Esk había estado sentada en la penumbra polvorienta, tratando de pergeñar algo de magia sencilla, cuando oyó el ruido de la puerta al abrirse y el de unas pisadas de botas. Aquello era sorprendente. Esk conocía los horarios, y los estudiantes de segundo año que solían ocupar aquella sala estaban en el gimnasio, con Jeofal el Vigoroso, en Principios de Desmaterialización. (Los estudiantes de magia no necesitaban para nada ejercicio físico. El gimnasio era una gran habitación con las paredes forradas de plomo y de madera de serbal, donde los neófitos podían trabajar con magia superior sin desequilibrar gravemente el universo, aunque no siempre sin desequilibrarse seriamente ellos mismos. La magia no tenía piedad con los débiles. Algunos estudiantes torpes tenían la suerte de salir por su propio pie, a otros los sacaban en botellas).
Esk escudriñó por entre las hendiduras. Aquéllos no eran estudiantes, eran magos. Y muy importantes, a juzgar por sus túnicas. Y conocía de sobra a la figura que se subió al púlpito del conferenciante como una marioneta mal manejada, chocando contra el atril y pidiéndole disculpas distraídamente. Se trataba de Simón. No había nadie más que tuviera los ojos como dos huevos pasados por agua y la nariz roja de tanto sonarse. Para Simón, el polen estaba presente en todas partes.

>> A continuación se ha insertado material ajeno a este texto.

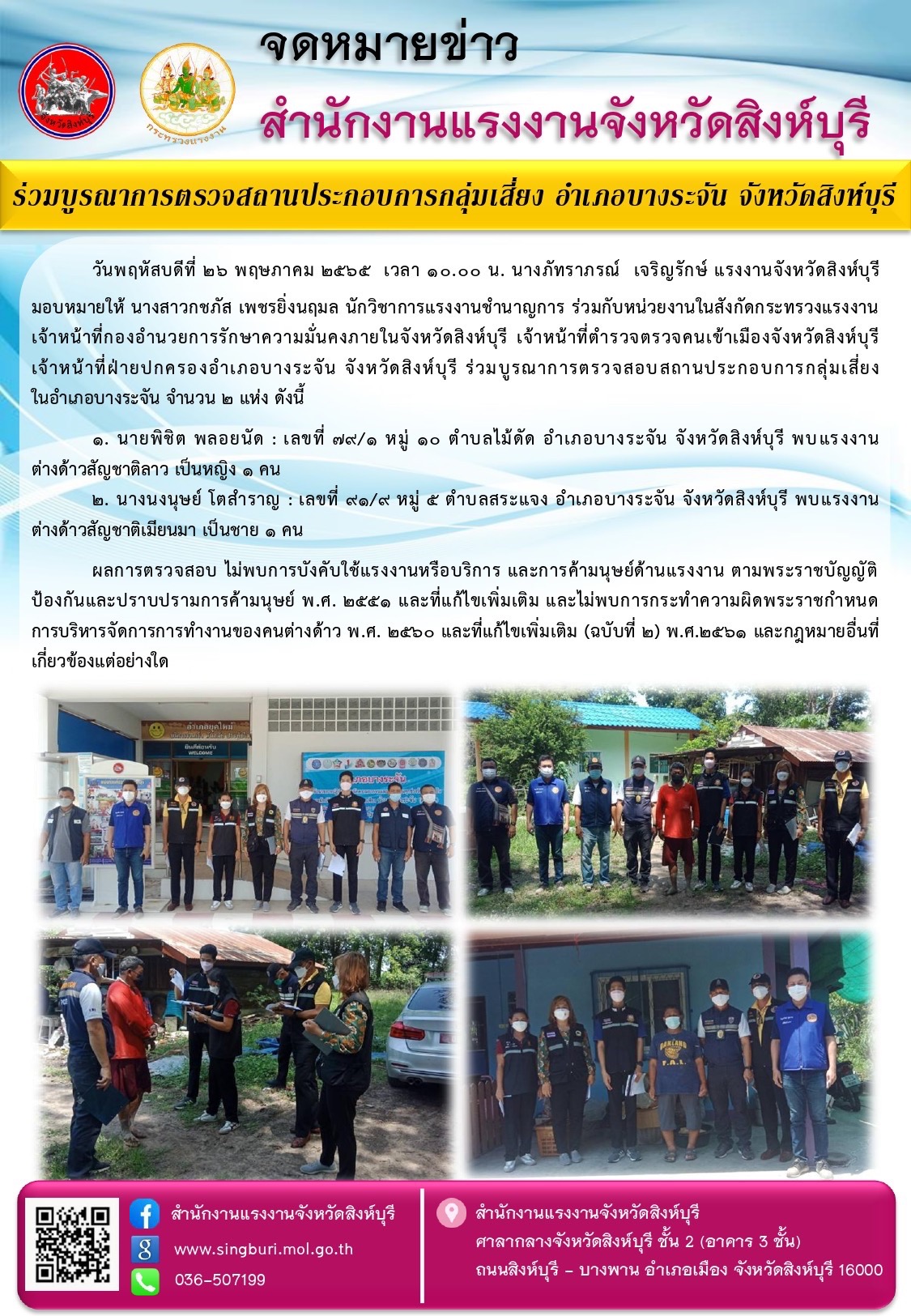 สรจ.สิงห์บุรี ร่วมบูรณาการตรวจสถานประกอบการกลุ่มเสี่ยง อำเภอบางระจัน จังหวัดสิงห์บุรี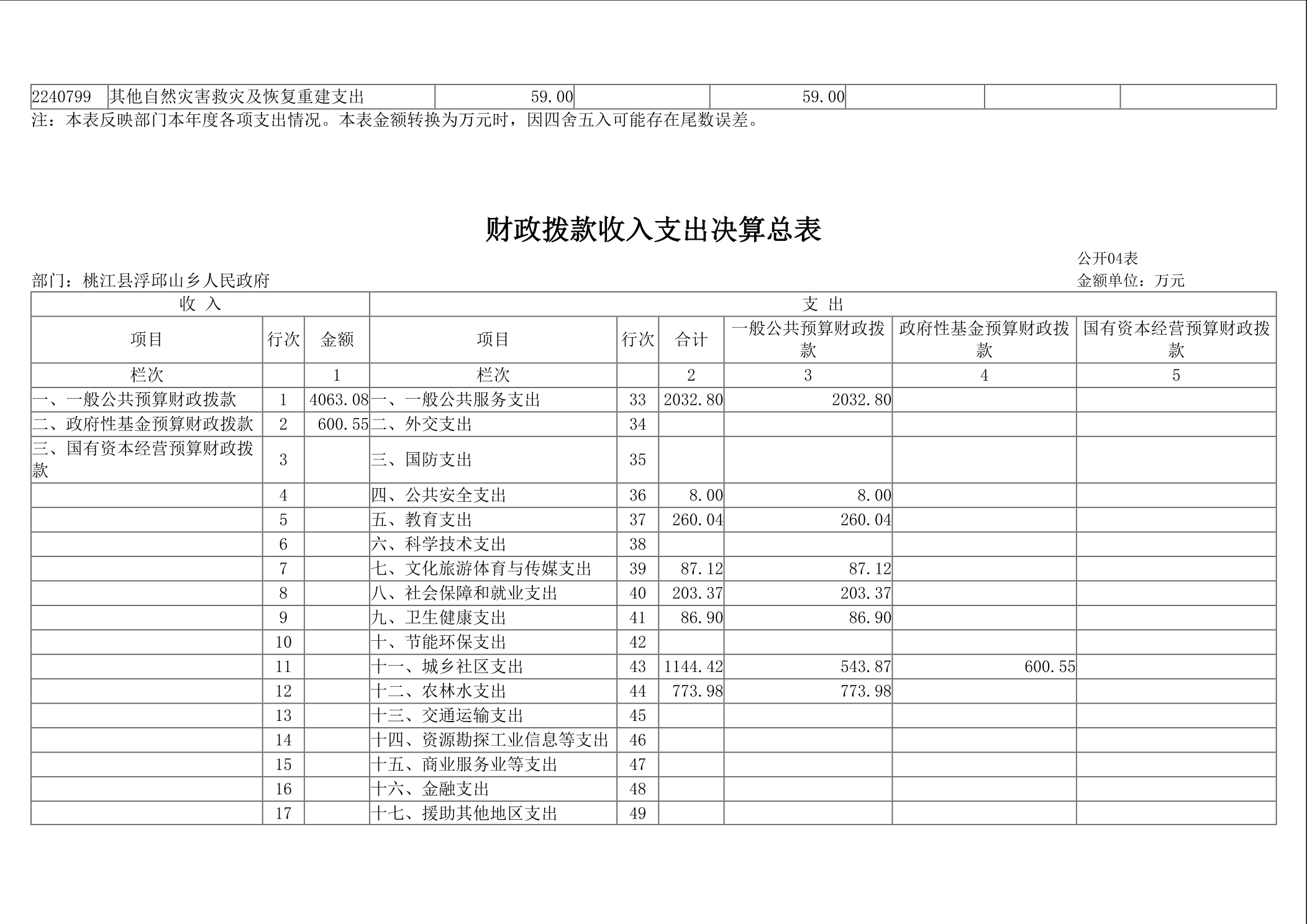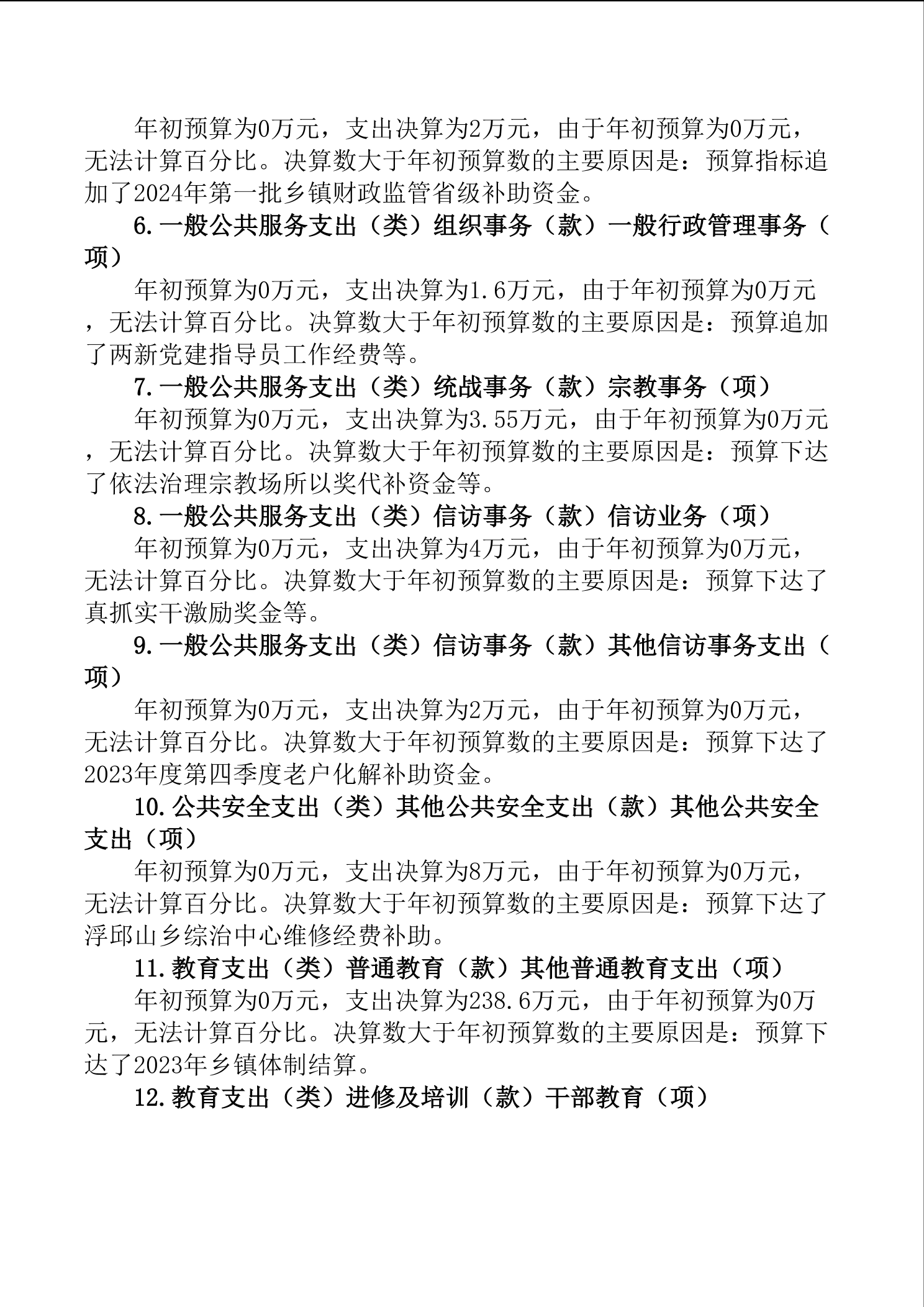 2024年浮邱山乡人民政府部门决算公开说明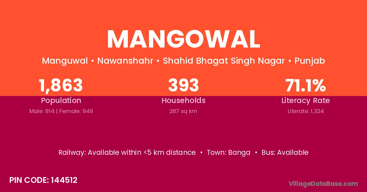 Mangowal village has a total population of 1,863 people, of which 914 are males and 949 are females.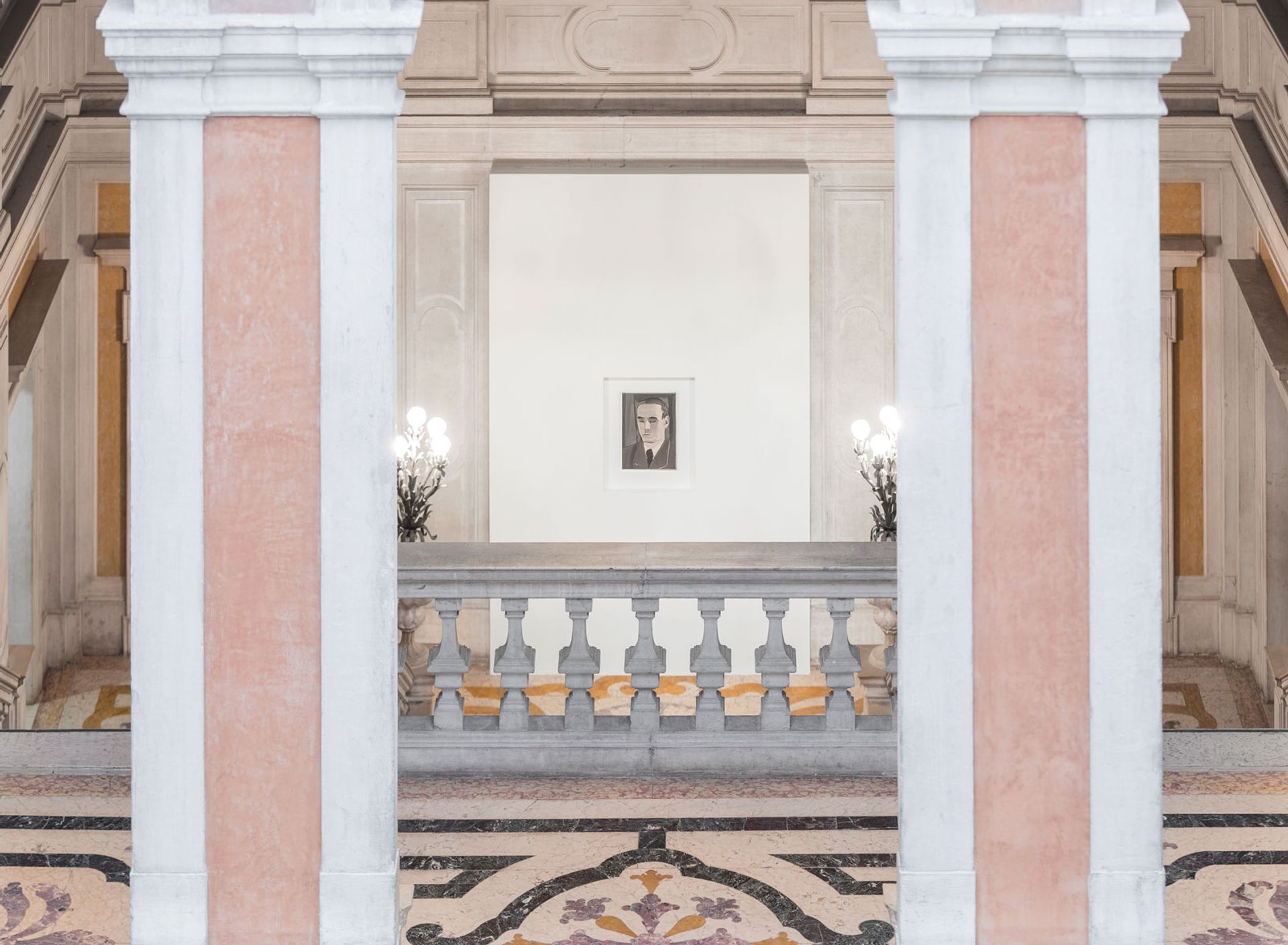 The show—the first time the Venetian museum is hosting an exhibition by a living artist—is thematically arranged around the building’s architecture. The three main rooms, the “trio sonata”, are dedicated to the artist’s portraits, self-portraits and nudes, while the four adjacent smaller rooms—the “string quartet”—feature his drawings.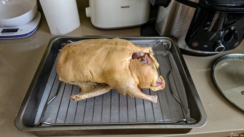 Тушку высушиваем бумажными полотенцами, больше ничего не делаем. (Многие перед готовкой вытаскивают пинцетом остатки перьев, но я пришел к выводу, что это на порядок быстрее делается уже с готовой уткой - там они вытаскивются легко и быстро, а с сырой тушкой можно и час провозиться.)
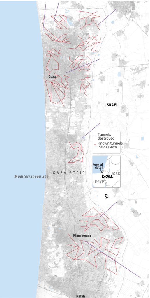 2. The networks of underground tunnels that grew up to support Gaza’s literally “underground” economy as its borders were closed by Israeli Defense Forces in 2005 became, in 2012 and 2014, the targets of invasion and destruction–as airplanes targeted five hundred tunnels, some of hundred kilometers, as one that running from the South to Gaza City, by bombardment and ground operations–destroying 140 smuggling tunnels that evaded the Gaza blockade, including 66 tunnels used to target Israeli forces. The engineering of tunnels expanded to deeper and broader underground corridors to ferry cars of militants and reinforced by iron, with ventilation for larger mobilization, the network emerged in global consciousness as a new terrain of combat, and a new battleground lying far beneath the ground. Even if North Gaza has, as Israel insists, ceased to be under the sovereignty of Hamas from January 2024, the tunnel network dug beneath the territory has provided the firmest illustration of the survival and resilience of Hamas governance in Gaza.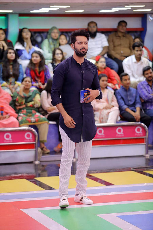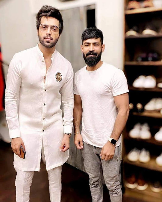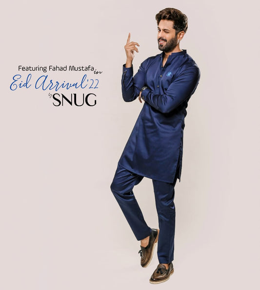 Fahad Mustafa Signatured Kurta and Shalwar with Embroidered Linen Non-Fused blazer By Snug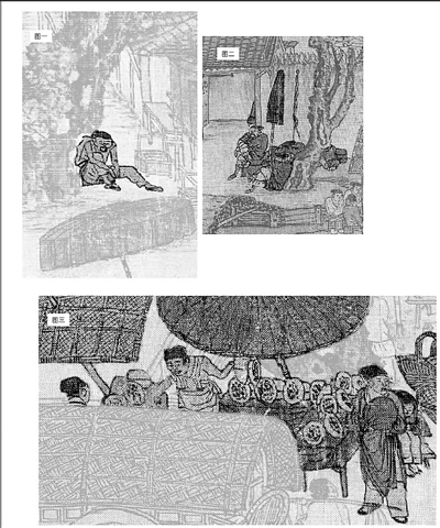 雖然沒有什么特別的社會意義、政治意義,或者其他宏大意義,但是對于個人來說,這個大叔卻喚醒了我們的某種情感,因此,讓我們與張擇端產生了情感共鳴。是怎樣的情感共鳴呢?請用心看圖,他裸露胳膊,衣著簡單,是一個中年勞工形象,此時也許是午間,他可能只吃了簡單的飯食(旁邊是飯館,他在飯館外的地上坐著,因此推測他沒有進店消費),甚至有可能他連午飯也沒舍得吃,只是坐在樹下歇會兒,然后就要開始尋找下午的工作。只要我們用心去看他的樣子,就知道他是真的累了。為了讓讀者更加確信他是因為真的疲累而休息,不知有意還是無意,張擇端在大叔附近的遞鋪墻外畫了幾個睡覺的人,請看圖二。其中,有一個靠著大樹睡覺的士卒,他翹著腿,雙臂圍攏,也在睡覺。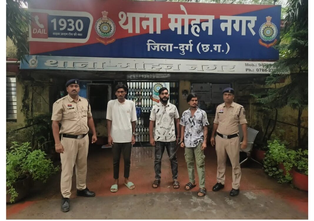 पकड़ाए आरोपी के नाम : 1. आशीष सिंह उर्फ मुज्जी कुरूद थाना जामुल। 2. लोकेश अवस्थी उर्फ लल्ली देवार मोहल्ला खुर्सीपार् । 3. अजय सोनी हाउसिंग बोर्ड थाना जामुल है।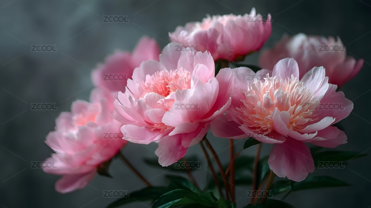 粉色牡丹花束特写

A Esk se le ocurrió que, aparte de su alergia generalizada a toda la creación, con un buen corte de pelo y unas cuantas lecciones de comportamiento, el chico podía ser bastante guapo. Era una idea desacostumbrada, y la reservó para analizarla más adelante.
Cuando los magos se hubieron sentado, Simón empezó a hablar. Leía sus notas y, cada vez que se atascaba con una palabra, todos los magos, como un solo hombre, la coreaban sin poder impedirlo.
Tras un rato, un trozo de tiza se elevó del atril y se dirigió hacia la pizarra situada tras Simón. Esk había aprendido lo suficiente sobre magia de magos como para saber que aquello era un logro asombroso… Simón llevaba apenas un par de semanas en la Universidad, y la mayoría de los estudiantes no dominaban la Levitación Ligera hasta el final de su segundo año.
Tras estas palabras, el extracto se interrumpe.